There seemed to be no one about as she padded into the kitchen then and made herself some tea and toast. She took it back to her bedroom and spent the next hour leisurely engaged in doing the things she’d hadn’t had much time for over the previous week.
She washed her hair, left the conditioner on and wrapped her head in a towel. She attended to her nails and smoothed moisturiser all over herself at the same time as she checked herself for bruises and saddle sores; there were no sores but a few colourful bruises. She paused to wonder whether her skin and hair would ever be the same again, despite this treatment, and sat down to write a long letter home.
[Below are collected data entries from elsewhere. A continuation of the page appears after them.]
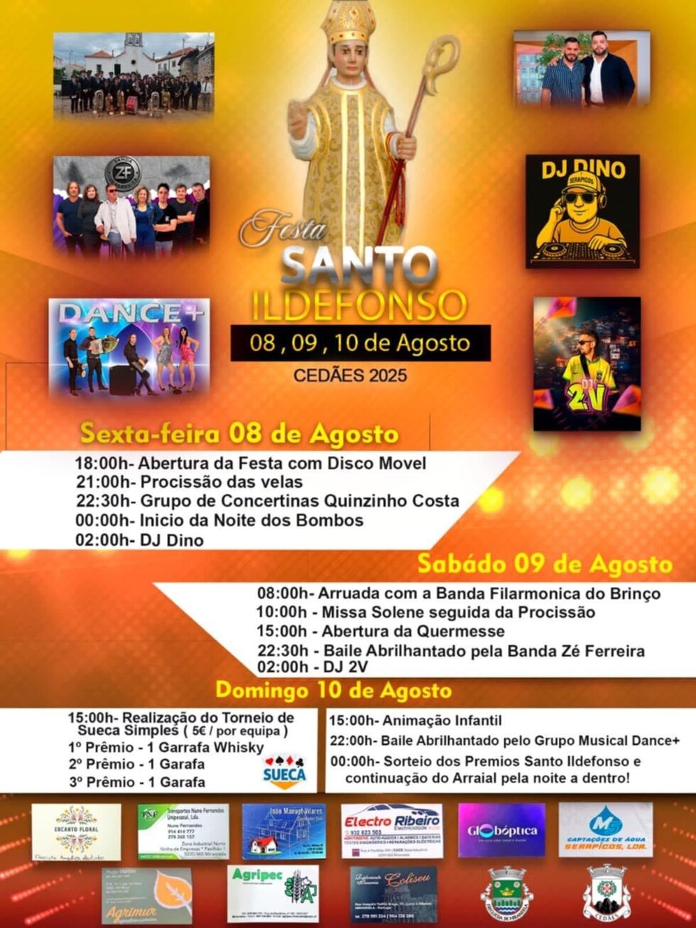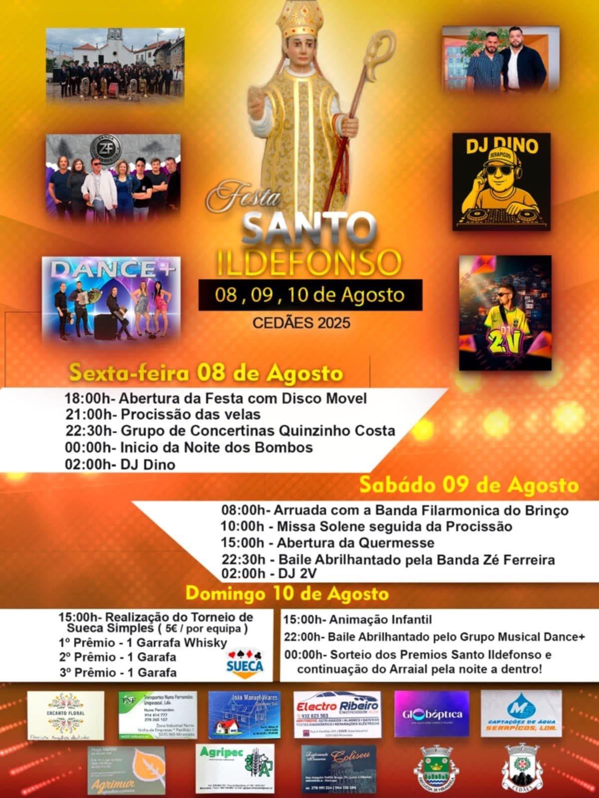 Festa em Honra de Santo Ildefonso, de 8 a 10 de agosto, em Cedães.
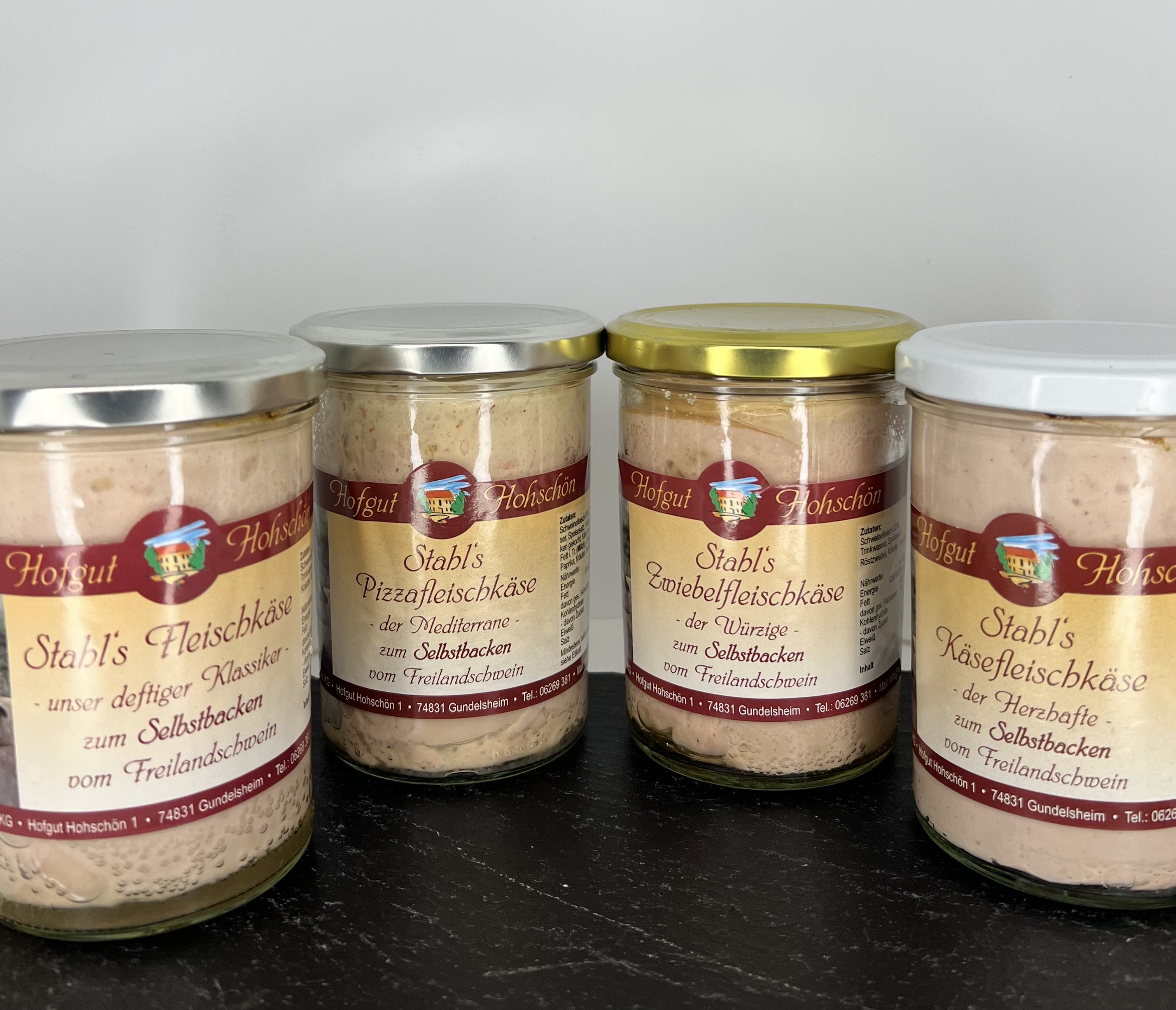 1 x Stahl's Fleischkäse "klassik" (360 g) 1 x Stahl's Käsefleischkäse (360 g) 1 x Stahl's Pizzafleischkäse (360 g) 1 x Stahl's Zwiebelfleischkäse (360 g)
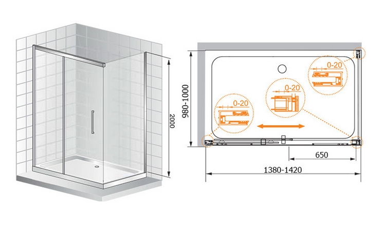 Душевой уголок, прямоугольный
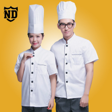 白色加肥加大男食堂新款厨师服厨房厨师长工作服男短袖衣服夏透气
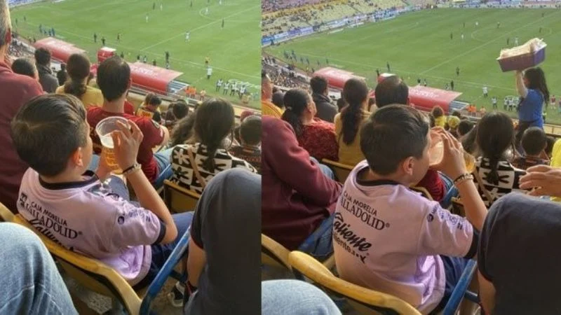 Las imágenes se tomaron en el estadio Morelos, sede del Atlético de Morelia, y en ellas se ve al menor sosteniendo un vaso de cerveza y...
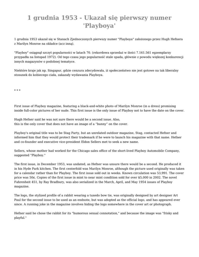 1 grudnia 1953 - Ukazał się pierwszy numer 'Playboya' 1 grudnia 1953 ukazał się w Stanach Zjednoczonych pierwszy numer "Playboya" założonego przez Hugh Hefnera z Marilyn Monroe na okładce (acz inną). "Playboy" osiągnął szczyt popularności w latach 70. (rekordowa sprzedaż w ilości 7.161.561 egzemplarzy przypadła na listopad 1972). Od tego czasu jego popularność stale spada, głównie z powodu większej konkurencji innych magazynów o podobnej tematyce. Niektóre kraje jak np. Singapur, gdzie cenzura zdecydowała, iż społeczeństwo nie jest gotowe na tak liberalny stosunek do kobiecego ciała, zakazały wydawania Playboya. *** First issue of Playboy magazine, featuring a black-and-white photo of Marilyn Monroe (in a dress) promising inside full-color pictures of her nude. This first issue is the only issue of Playboy not to have the date on the cover. Hugh Hefner said he was not sure there would be a second issue. Also, this is the only cover that does not have an image of a “bunny” on the cover. Playboy's original title was to be Stag Party, but an unrelated outdoor magazine, Stag, contacted Hefner and informed him that they would protect their trademark if he were to launch his magazine with that name. Hefner and co-founder and executive vice-president Eldon Sellers met to seek a new name. Sellers, whose mother had worked for the Chicago sales office of the short-lived Playboy Automobile Company, suggested "Playboy." The first issue, in December 1953, was undated, as Hefner was unsure there would be a second. He produced it in his Hyde Park kitchen. The first centerfold was Marilyn Monroe, although the picture used originally was taken for a calendar rather than for Playboy. The first issue sold out in weeks. Known circulation was 53,991. The cover price was 50¢. Copies of the first issue in mint to near mint condition sold for over $5,000 in 2002. The novel Fahrenheit 451, by Ray Bradbury, was also serialized in the March, April, and May 1954 issues of Playboy magazine. The logo, the stylized profile of a rabbit wearing a tuxedo bow tie, was originally designed by art designer Art Paul for the second issue to be used as an endnote, but was adopted as the official logo, and has appeared ever since. A running joke in the magazine involves hiding the logo somewhere in the cover art or photograph. Hefner said he chose the rabbit for its "humorous sexual connotation," and because the image was "frisky and playful."
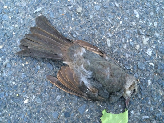 続く8月7日の朝、自動車の行き交う道路上に幼鳥がいることに気づきました。なぜかうまく飛び上がれず、ただ鳴いてばかりいました。「このままでは轢かれてしまう」と思い、救い出すことにしたのですが、自動車が途切れるタイミングを見計らおうと迷っているうちに轢かれてしまいました。赤い鮮血がアスファルト上に飛び散りました。
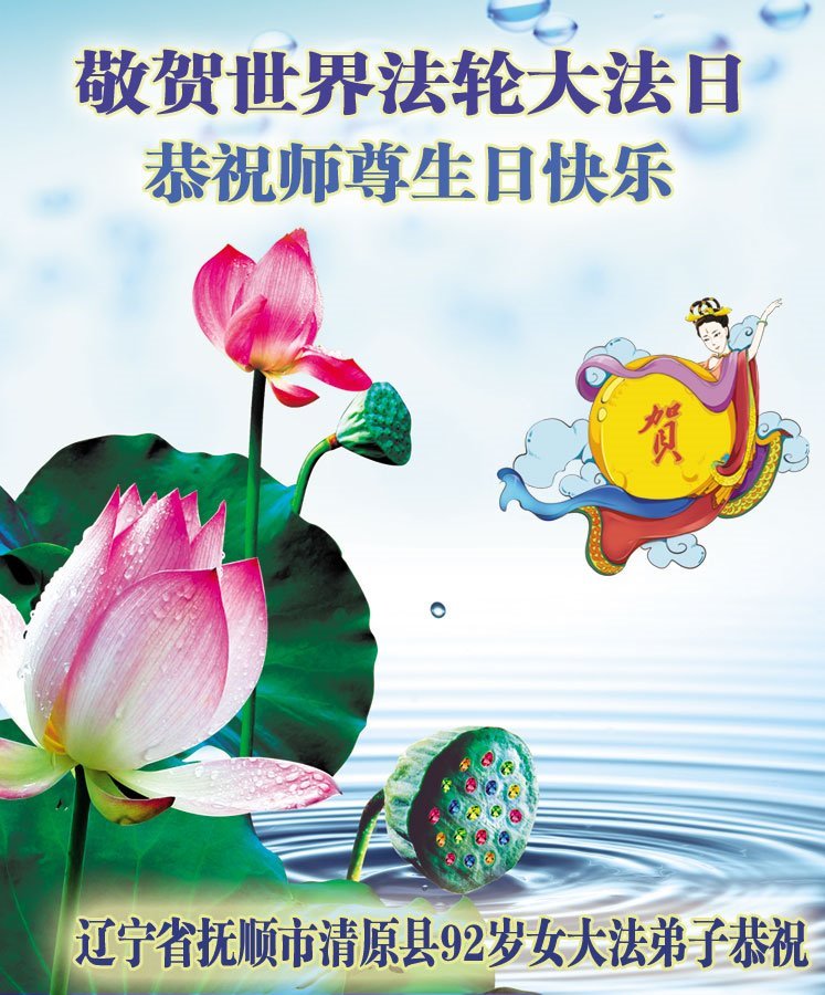 恭贺世界法轮大法日暨师尊生日快乐! 辽宁省抚顺地区一大法弟子敬上 辽宁省抚顺市清原县92岁女大法弟子恭贺世界法轮大法日暨师尊生日快乐!

Finally, she unwound the towel, rinsed her hair and dressed in a pair of cool pink linen shorts with a pink and white floral cotton blouse, luxuriating as she did so in clothes that were not khaki or definitely working clothes, and slid a pair of light sandals on.
She wondered again why the homestead was so silent, then shrugged. A week at Katerina had been long enough to discover that one day was very much like another, although she’d been told firmly to take Sundays off. Sarah would most likely be with her horses, and Rolf and Joe, if they weren’t working on the road or the cattle yards or the airstrip or the maintenance of some vehicle or another, could still find a hundred other tasks.
She went out onto the verandah and pulled a chair into the sunlight so she could dry her hair, and ran a mental review of the week as she closed her eyes and lifted her face to the sun.
A faint smile curved her lips at the memory of how stiff she’d been for the first few days, and was still stiff at times. This was despite begging a friend in Sydney, as soon as she’d decided to come to Katerina, to let her exercise his polo ponies every day to get herself fit for what was to come. Although she’d ridden since she was six, and although horses were by no means the only way to get around Katerina, she’d done more riding in a week than she’d done in the past year. But it had been exhilarating and more.
She’d read respect in the eyes of the Simpsons when she’d refused to complain about her aching muscles or to take to the ‘bull buggy’, an open four-wheel drive vehicle suitable for getting around rough terrain with fearsome bars on the front capable of repelling charging bulls.
But Joe Jordan had surprised her. There had been no more overtures of a personal nature. In fact he’d treated her exactly as he treated his sister.